Dr. Huerta is active in promoting teaching and learning. He served as President of the Political Science Education Section of the APSA (2009-2011) and as Founding President of the Learning Communities Association (2016-2017). He was awarded the 2019 “Outstanding Learning Communities Advocate” by the National Learning Communities Conference and Learning Communities Association.
Huerta's degrees are in political science with the BA from Texas A&M University, and MA and PhD from the University of Houston.

 

Statement of views: As a Vice President of the APSA, my overriding goal is guiding the association, in an inclusive manner, as we strengthen our discipline. The foundation is an undergraduate major that helps all our students find success in a wide variety of careers and post-graduate study. With a robust major we can foster an inclusive recruitment process to identify the next generation of graduate students. I will work with the association on graduate education as we inclusively prepare future PhDs to work in the wide range of institutions. A final goal is inclusive professional development for professors in teaching and research.

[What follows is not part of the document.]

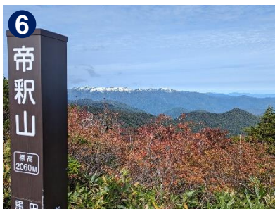
6 冠雪した燧ヶ岳や那須連山、日光の山並みも見ることができます。素晴らしい眺望をお楽しみ下さい。

During my time on Council (2012-14) I worked towards these goals by advocating for the establishment of the Committee on the Status of Community Colleges in the Profession. Furthermore, I worked to give a voice to underrepresented faculty, including faculty of color and faculty who work at institutions primarily focused on undergraduate education. A major emphasis of my academic career has been directed towards promoting teaching and learning in higher education – especially for underrepresented students and students of color. Political science has so much to offer and I want to work to help us reach new heights.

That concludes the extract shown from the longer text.